Software pipelining exploits the fact that a loop of the form {A B C}<sup>n</sup>, where A, B and C are individual instructions, and n is the iteration count, is equivalent to A {B C A}<sup>n-1</sup> B C and is also equivalent to A B {C A B}<sup>n-1</sup> C.

Mixing instructions from several iterations may increase the effectiveness of code scheduling, and may perhaps allow for more parallel execution.

## Software Pipelining is Hard

In fact, it is NP-complete:

Hsu and Davidson, "Highly concurrent scalar processing," 13th ISCA (1986).

### The Iteration Interval

We seek to initiate the next iteration of a loop as soon as possible, squeezing each iteration of the loop body into as few machine cycles as possible.

The general form of a software pipelined loop is:



The prologue code "sets up" the main loop, and the epilogue code "cleans up" after loop termination.

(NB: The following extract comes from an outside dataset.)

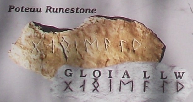 Additionally, it is reported that the Heavener Runestone was seen by a Choctaw Native hunting party in the 1830s. Signed statements have been made by territory residents who saw the stone as early as 1874. Four other runestones have been found in the Poteau and Heavener, Oklahoma area. A fifth runestone was found near Shawnee, Oklahoma. Using the Elder Futhark alphabet, Dr. Nielson translated the Poteau Runestone as G-L-O-I A-L-L-W meaning “Magic or Protection to Gloi”. Gloi is believed to be a nickname for Glome. Dr. Nielson translated the Shawnee Runeston as the Scandinavian name MEDOK. The Poteau and the Shawnee Runestones are exhibited at the Kerr Museum in Poteau, Oklahoma. { The images of Dr. Nielson, the Poteau Runestone and the Shawnee Runestone below were taken from an interpretive sign, on-site}.

Neither the prolog nor the epilogue need be optimized, since they execute only once.

Optimizing the kernel is key in software pipelining. The kernel's execution time (in cycles) is called the *initiation interval* (II); it measures how quickly the next iteration of a loop can start.

We want the smallest possible initiation interval. Determining the smallest viable II is itself NP-complete. Because of parallel issue and execution in superscalar and multiple issue processors, very small II values are possible (even less than 1!)